Legislative Process & Legislative Research
Introductions to the Legislative Process and Research in the Blume Library:
There are some general guides to legislative research in the Blume and Law Libraries, as well as a great many specialized guides for particular areas of the law (most of these are in the Law Library). The holdings of both libraries are searchable in the Online Catalog. Choose "Subject Keyword" and search on "legislation" and "research."
Legislative Histories in Congressional Universe. This database is available for on-campus use AT THE LAW LIBRARY ONLY. The Blume Library has the printed CIS Index from which Congressional Universe grew, from 1970 to 1992. All the Legislative Histories for these years are available in these printed volumes, for use in the Library.
| Legislative Process
Grace York, documents librarian at the University of Michigan, has developed a comprehensive guide to resources that covers the big-picture of law-making, from descriptions and analysis of important issues, through the actual legislative process, and on to the monitoring of results. She calls it a Public Policy Matrix, and it has been adapted here for use by the St. Mary's community.
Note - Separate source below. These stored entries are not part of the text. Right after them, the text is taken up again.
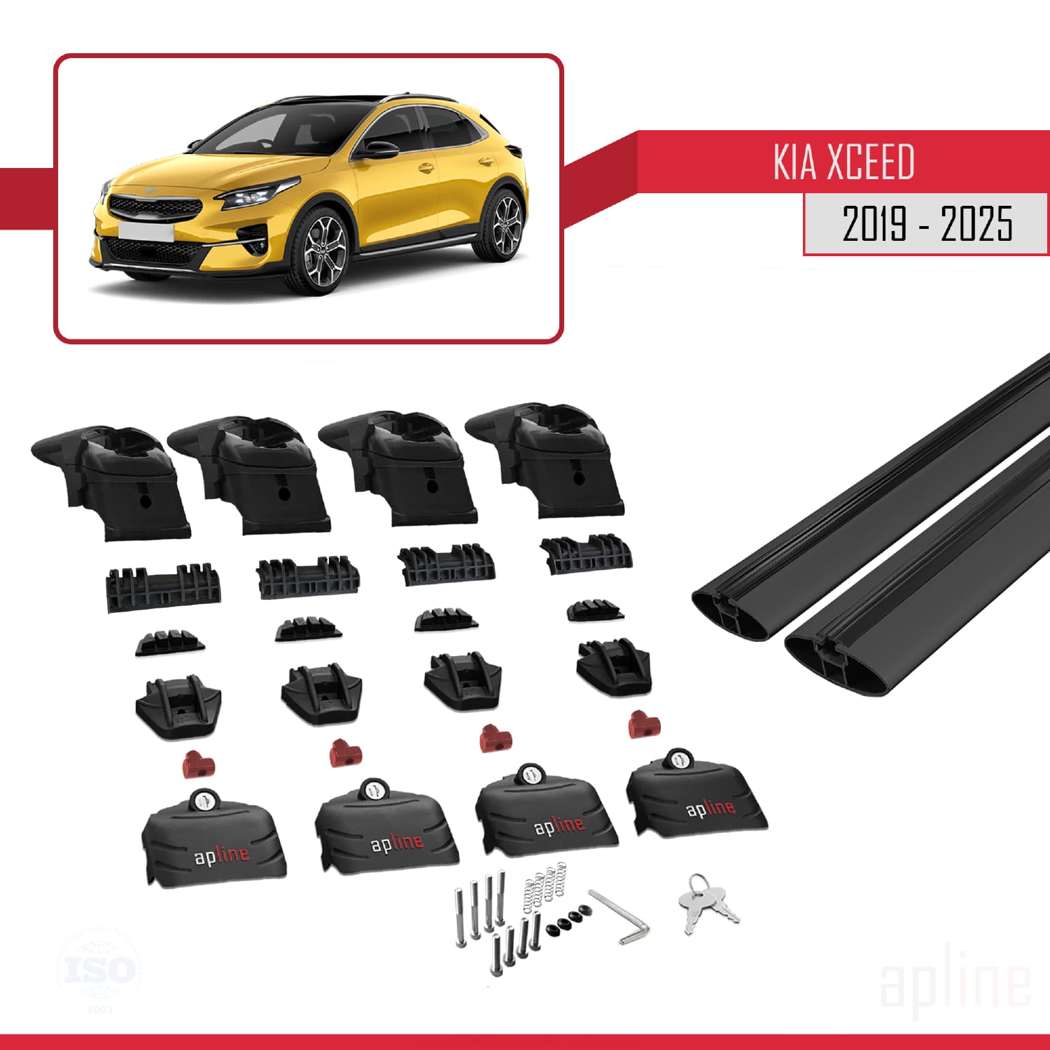 Compatible avec Kia XCeed (CD) 2019-2025 ACE-2 Barres de Toit Railing Porte-Bagages de Voiture Noir Aluminium 2 Barres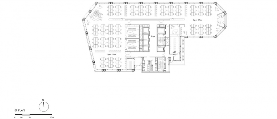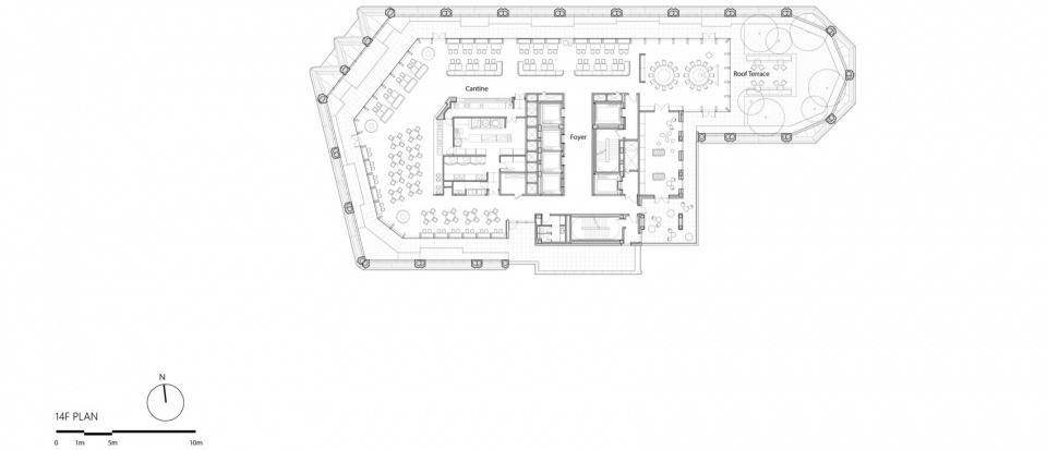 本案中,骑楼(1~3F)内侧无需考虑热负荷,更清透的优白玻璃成为首选;主要办公层(3~13F)借用50%透光网膜玻璃视线单向穿透的特征,兼顾采光和隐私;14F以上则通过30%透光网膜玻璃与卷帘形成双重屏障,应对高空热辐射。这集中体现了后高技派的可持续设计观:建造方案终要符合并表达空间使用特征,并为使用者与环境的协同进化服务。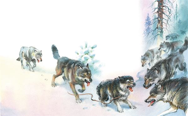 Но Одноухий припустил ещё быстрее, волоча по снегу постромки. А там, на только что пройденном ими пути, его поджидала волчица. Подбегая к ней, Одноухий навострил уши, перешёл на лёгкий мелкий шаг, потом остановился. Он глядел на неё внимательно, недоверчиво, но с жадностью. А она скалила зубы, как будто улыбаясь ему вкрадчивой улыбкой, потом сделала несколько игривых прыжков и остановилась. Одноухий пошёл к ней всё ещё с опаской, задрав хвост, навострив уши и высоко подняв голову.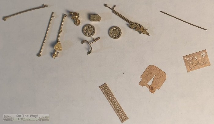 anti-aircraft and ground use; a separate etched-brass shield; and a short length of wire to use for making the handles of the spade grip and the axle for the carriage. A length of
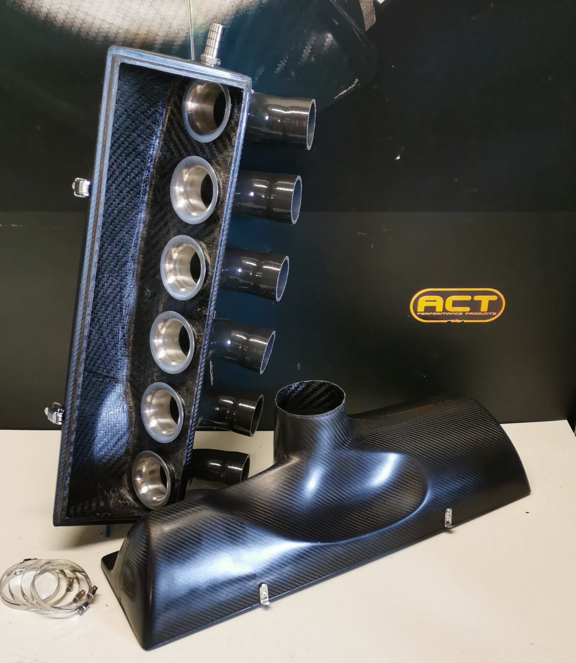 With fluoro lined/fuel resistant silicone induction hoses, full stainless hose clips and stainless fittings.

Here are some other guides and sources of legislative information:
(Remember that references to onsite resources apply to the libraries where these guides were created; we may not have the same material in our Library)
A good source of background information on the issues behind the legislation is the Almanac of Policy Issues. And for background and information on the political forces influencing legislation, check out Polticial Information.com.
The CQ Press Political Reference Suite (available on-campus and off-campus to St. Mary's students/faculty only) has a lot of information about the legislative process and politics in general, in text and data form. There is a good deal of directory-type information as well.
The Senate provides this handy index to active legislation, showing at which stage in the process each measure currenly resides, what future action is predicted, and legislation's effects on programs and appropriations.
NOTE: For historical legal research, the Library of Congress' "A Century of Lawmaking for a New Nation" is invaluable, providing access to laws, debates, journals and more for the years 1774-1873.